**Work to be completed**: Retype each line of the data below exactly, beginning with the first and ending with the one that contains "Diseño y confección". Pictures do not belong in the copy.

**Dataset excerpt**:
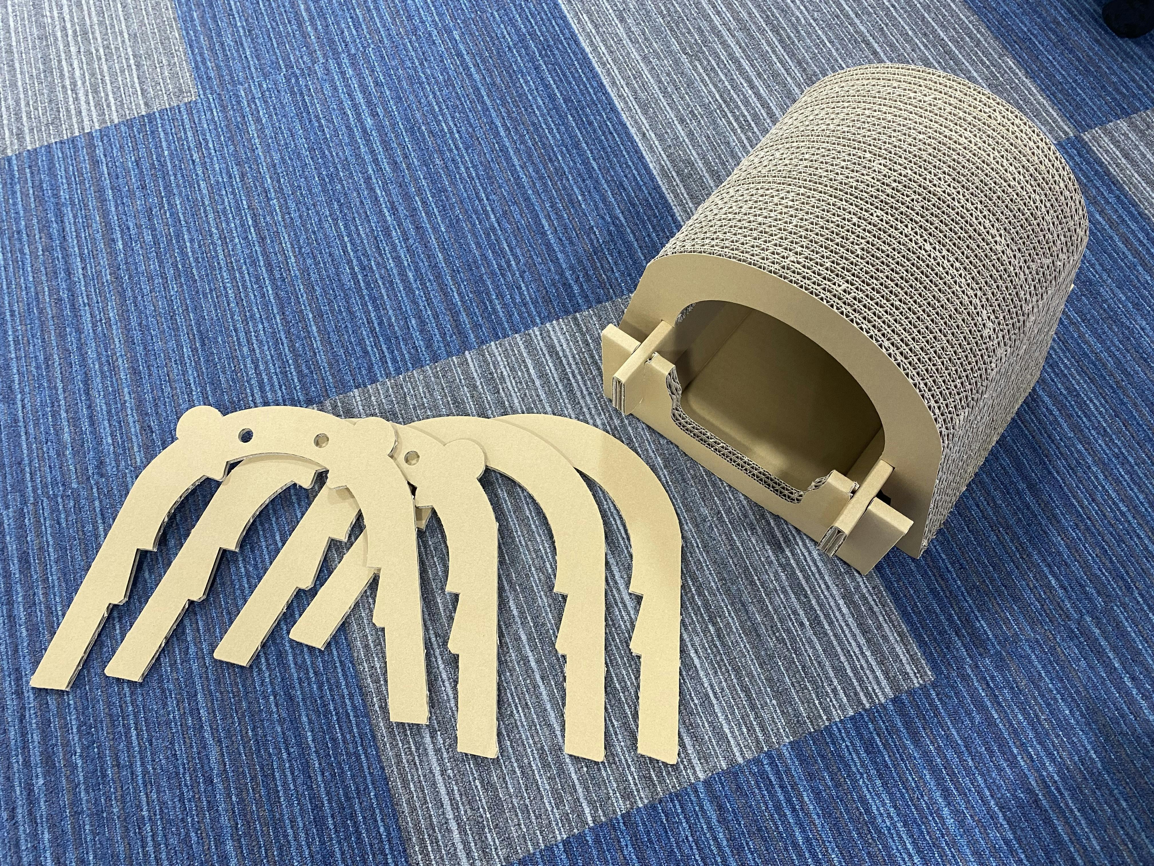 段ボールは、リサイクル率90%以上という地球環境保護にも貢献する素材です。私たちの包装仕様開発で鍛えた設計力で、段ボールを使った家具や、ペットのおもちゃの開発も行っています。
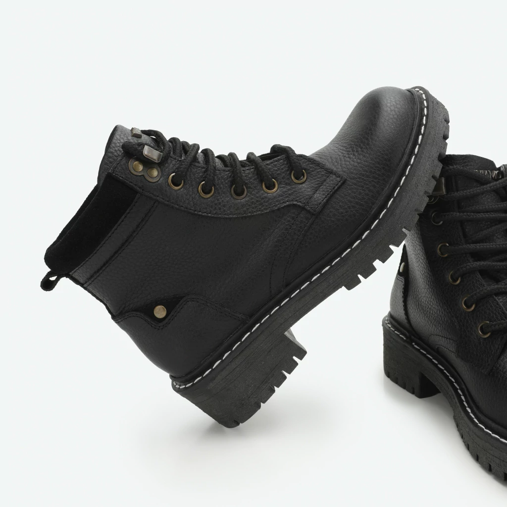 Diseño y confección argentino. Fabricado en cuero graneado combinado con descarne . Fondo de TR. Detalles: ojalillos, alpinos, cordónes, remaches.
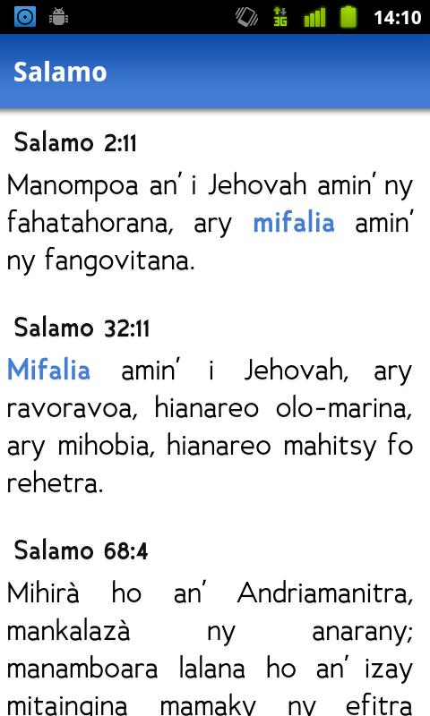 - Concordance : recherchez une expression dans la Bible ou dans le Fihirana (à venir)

**Completed exercise**:
 段ボールは、リサイクル率90%以上という地球環境保護にも貢献する素材です。私たちの包装仕様開発で鍛えた設計力で、段ボールを使った家具や、ペットのおもちゃの開発も行っています。
 Diseño y confección argentino. Fabricado en cuero graneado combinado con descarne . Fondo de TR. Detalles: ojalillos, alpinos, cordónes, remaches.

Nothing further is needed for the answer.